Material provided:
--- --- ---
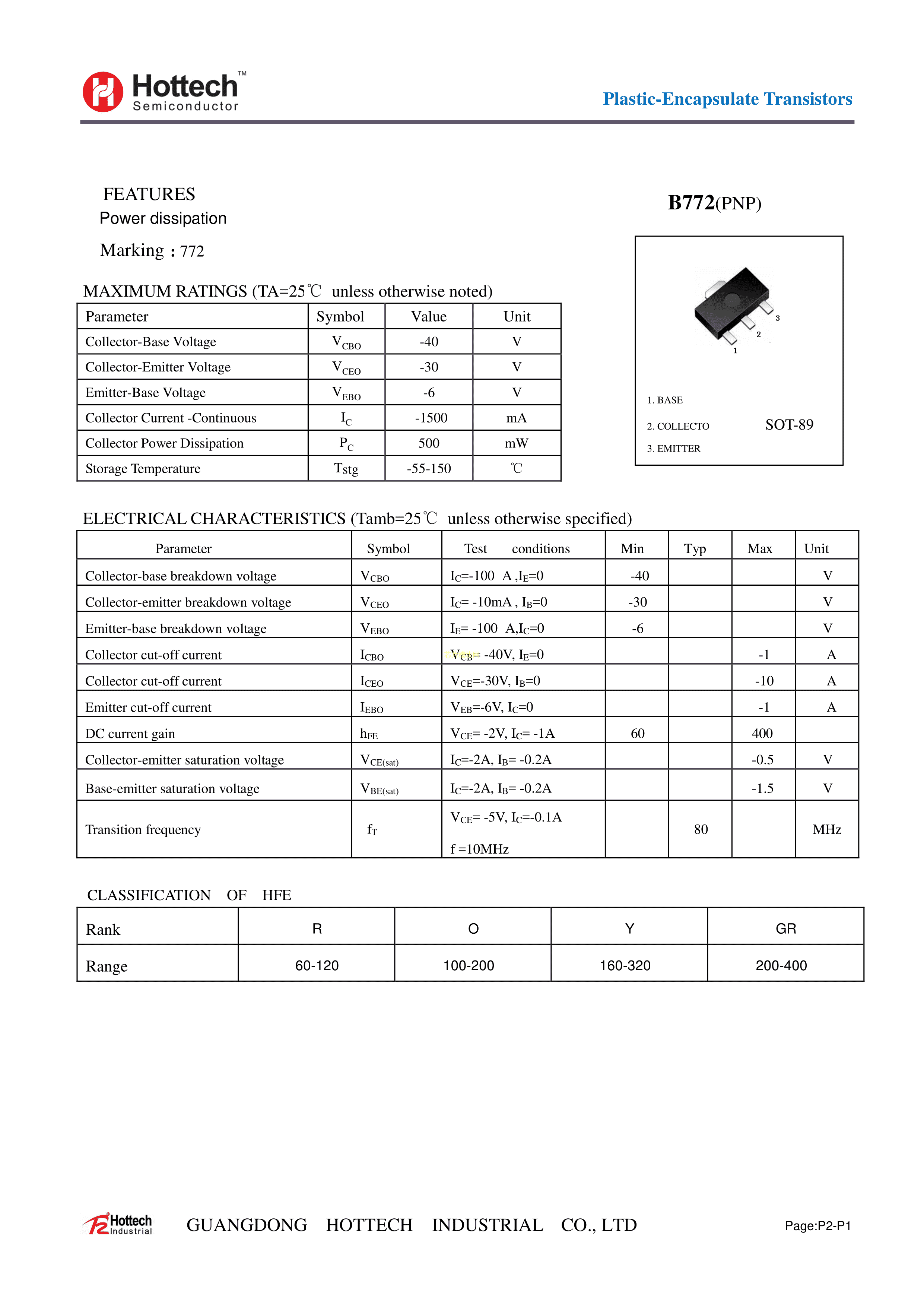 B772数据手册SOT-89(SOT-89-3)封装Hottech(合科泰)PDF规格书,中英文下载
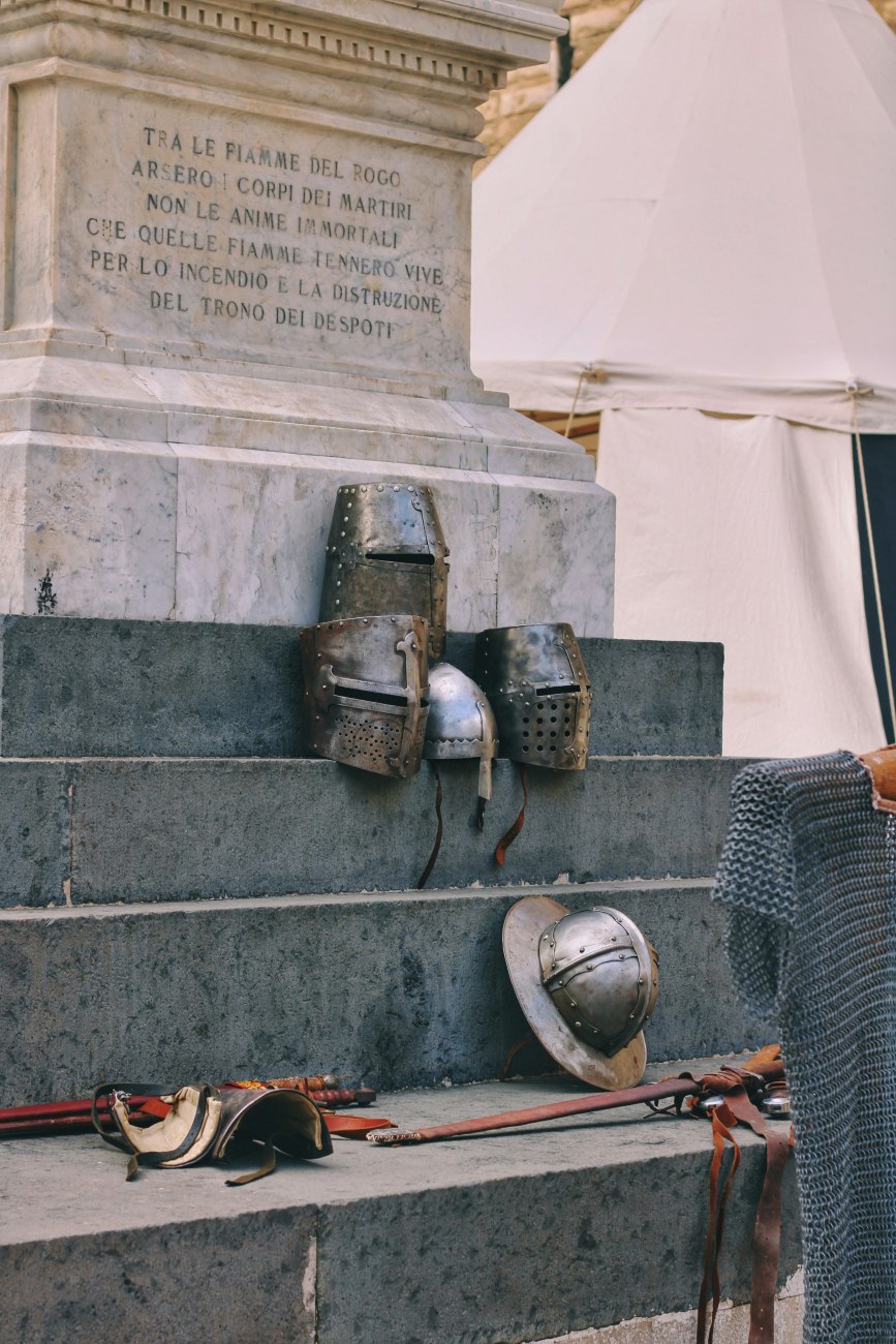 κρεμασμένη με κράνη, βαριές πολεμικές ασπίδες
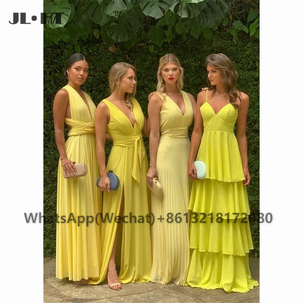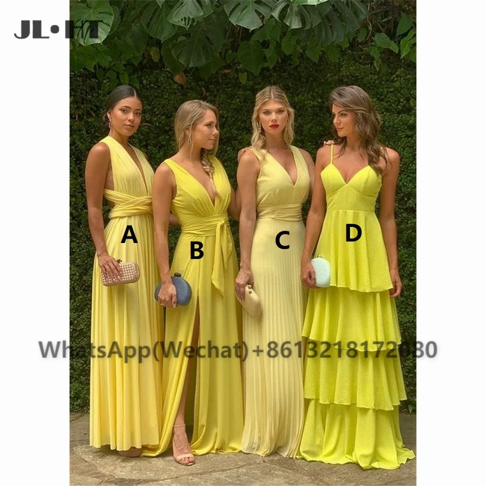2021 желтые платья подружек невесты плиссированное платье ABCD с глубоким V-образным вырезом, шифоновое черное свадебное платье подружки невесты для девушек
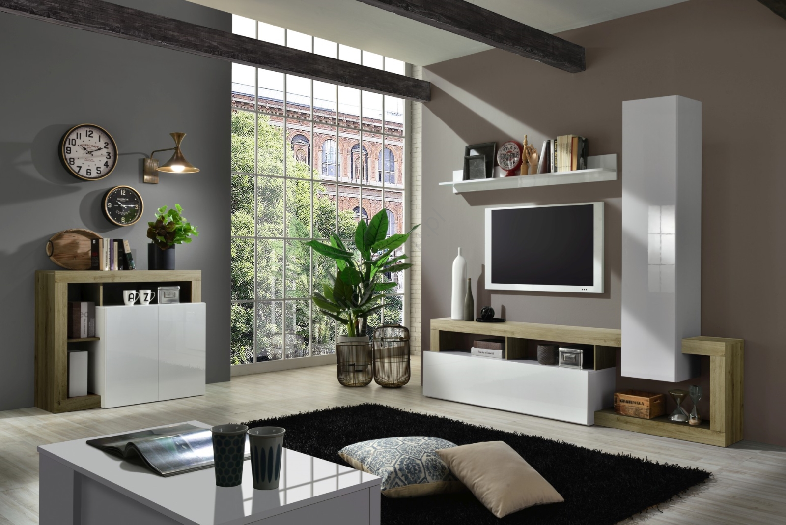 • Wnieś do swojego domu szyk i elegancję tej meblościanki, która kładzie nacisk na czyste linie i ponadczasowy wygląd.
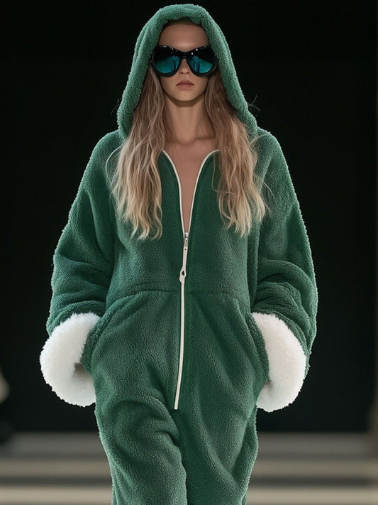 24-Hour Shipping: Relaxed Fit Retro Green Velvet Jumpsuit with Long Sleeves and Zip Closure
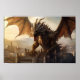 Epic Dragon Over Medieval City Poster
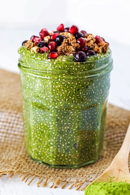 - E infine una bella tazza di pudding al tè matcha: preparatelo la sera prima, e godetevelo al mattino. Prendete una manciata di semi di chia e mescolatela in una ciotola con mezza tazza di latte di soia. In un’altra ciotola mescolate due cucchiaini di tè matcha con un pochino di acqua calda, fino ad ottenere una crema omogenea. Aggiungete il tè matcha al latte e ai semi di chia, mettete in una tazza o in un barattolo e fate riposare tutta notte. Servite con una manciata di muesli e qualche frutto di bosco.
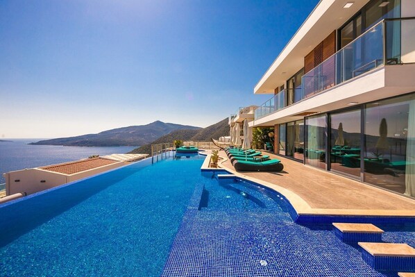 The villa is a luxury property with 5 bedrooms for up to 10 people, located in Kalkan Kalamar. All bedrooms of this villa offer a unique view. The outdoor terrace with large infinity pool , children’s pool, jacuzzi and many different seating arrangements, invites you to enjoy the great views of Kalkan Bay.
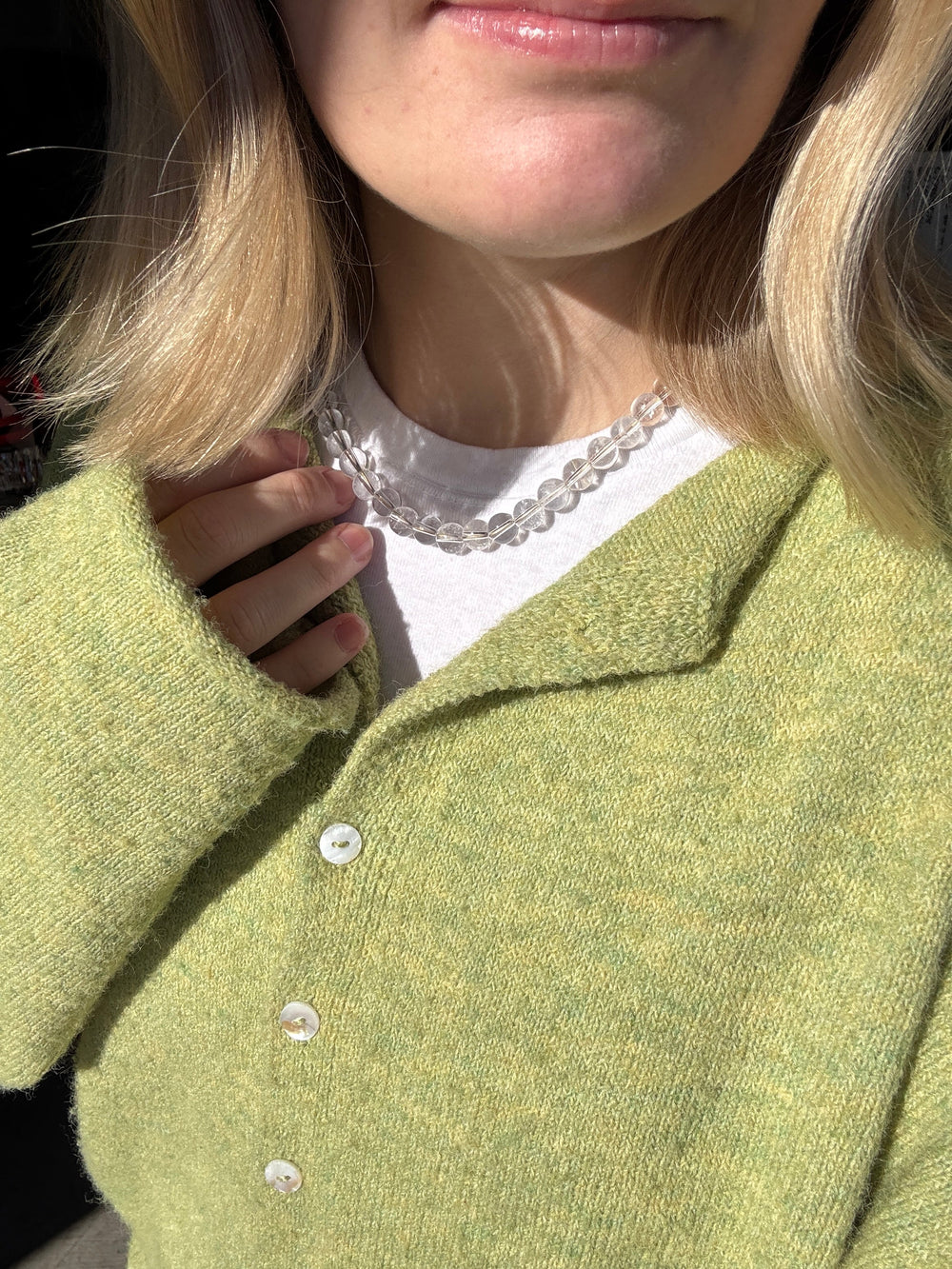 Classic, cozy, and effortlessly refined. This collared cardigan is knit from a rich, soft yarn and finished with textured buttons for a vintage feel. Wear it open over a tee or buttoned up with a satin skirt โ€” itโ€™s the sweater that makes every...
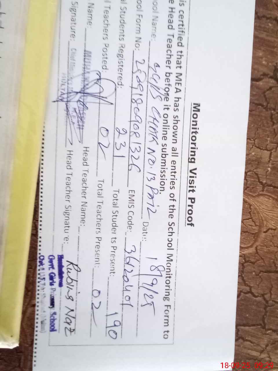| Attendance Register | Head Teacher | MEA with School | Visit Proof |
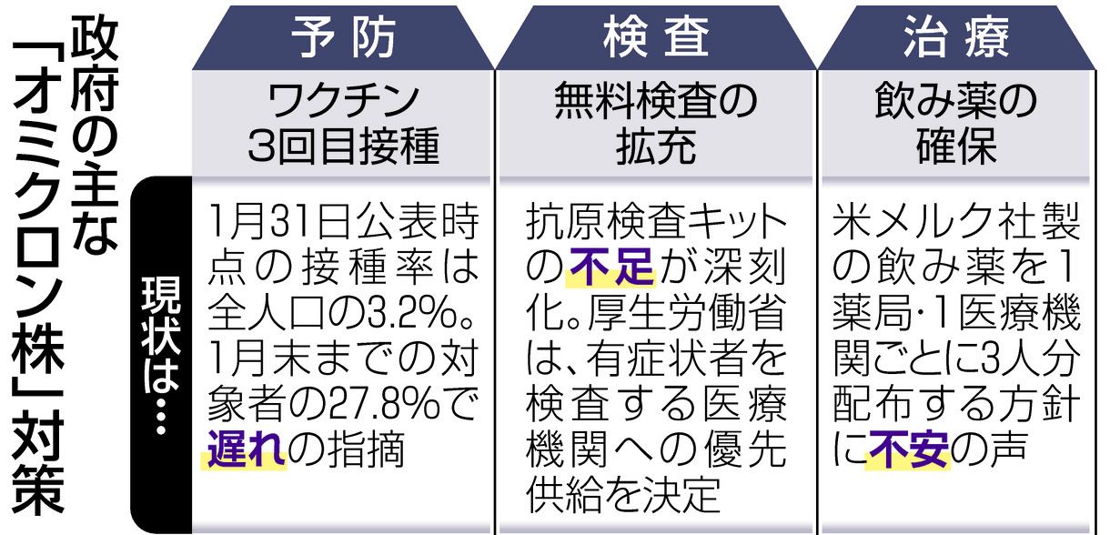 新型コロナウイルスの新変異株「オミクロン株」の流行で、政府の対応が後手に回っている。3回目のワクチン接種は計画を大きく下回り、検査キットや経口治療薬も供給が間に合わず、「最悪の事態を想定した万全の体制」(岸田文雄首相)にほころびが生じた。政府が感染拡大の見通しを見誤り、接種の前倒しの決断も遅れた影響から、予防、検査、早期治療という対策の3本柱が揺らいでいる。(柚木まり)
--- --- ---
Print the lines from the one that contains "24-Hour Shipping: Relaxed" through the last line of the data, exactly and in full, and no other lines. Pictures are not part of the copy.

Completed exercise:
 24-Hour Shipping: Relaxed Fit Retro Green Velvet Jumpsuit with Long Sleeves and Zip Closure
 Epic Dragon Over Medieval City Poster
 - E infine una bella tazza di pudding al tè matcha: preparatelo la sera prima, e godetevelo al mattino. Prendete una manciata di semi di chia e mescolatela in una ciotola con mezza tazza di latte di soia. In un’altra ciotola mescolate due cucchiaini di tè matcha con un pochino di acqua calda, fino ad ottenere una crema omogenea. Aggiungete il tè matcha al latte e ai semi di chia, mettete in una tazza o in un barattolo e fate riposare tutta notte. Servite con una manciata di muesli e qualche frutto di bosco.
 The villa is a luxury property with 5 bedrooms for up to 10 people, located in Kalkan Kalamar. All bedrooms of this villa offer a unique view. The outdoor terrace with large infinity pool , children’s pool, jacuzzi and many different seating arrangements, invites you to enjoy the great views of Kalkan Bay.
 Classic, cozy, and effortlessly refined. This collared cardigan is knit from a rich, soft yarn and finished with textured buttons for a vintage feel. Wear it open over a tee or buttoned up with a satin skirt โ€” itโ€™s the sweater that makes every...
| Attendance Register | Head Teacher | MEA with School | Visit Proof |
 新型コロナウイルスの新変異株「オミクロン株」の流行で、政府の対応が後手に回っている。3回目のワクチン接種は計画を大きく下回り、検査キットや経口治療薬も供給が間に合わず、「最悪の事態を想定した万全の体制」(岸田文雄首相)にほころびが生じた。政府が感染拡大の見通しを見誤り、接種の前倒しの決断も遅れた影響から、予防、検査、早期治療という対策の3本柱が揺らいでいる。(柚木まり)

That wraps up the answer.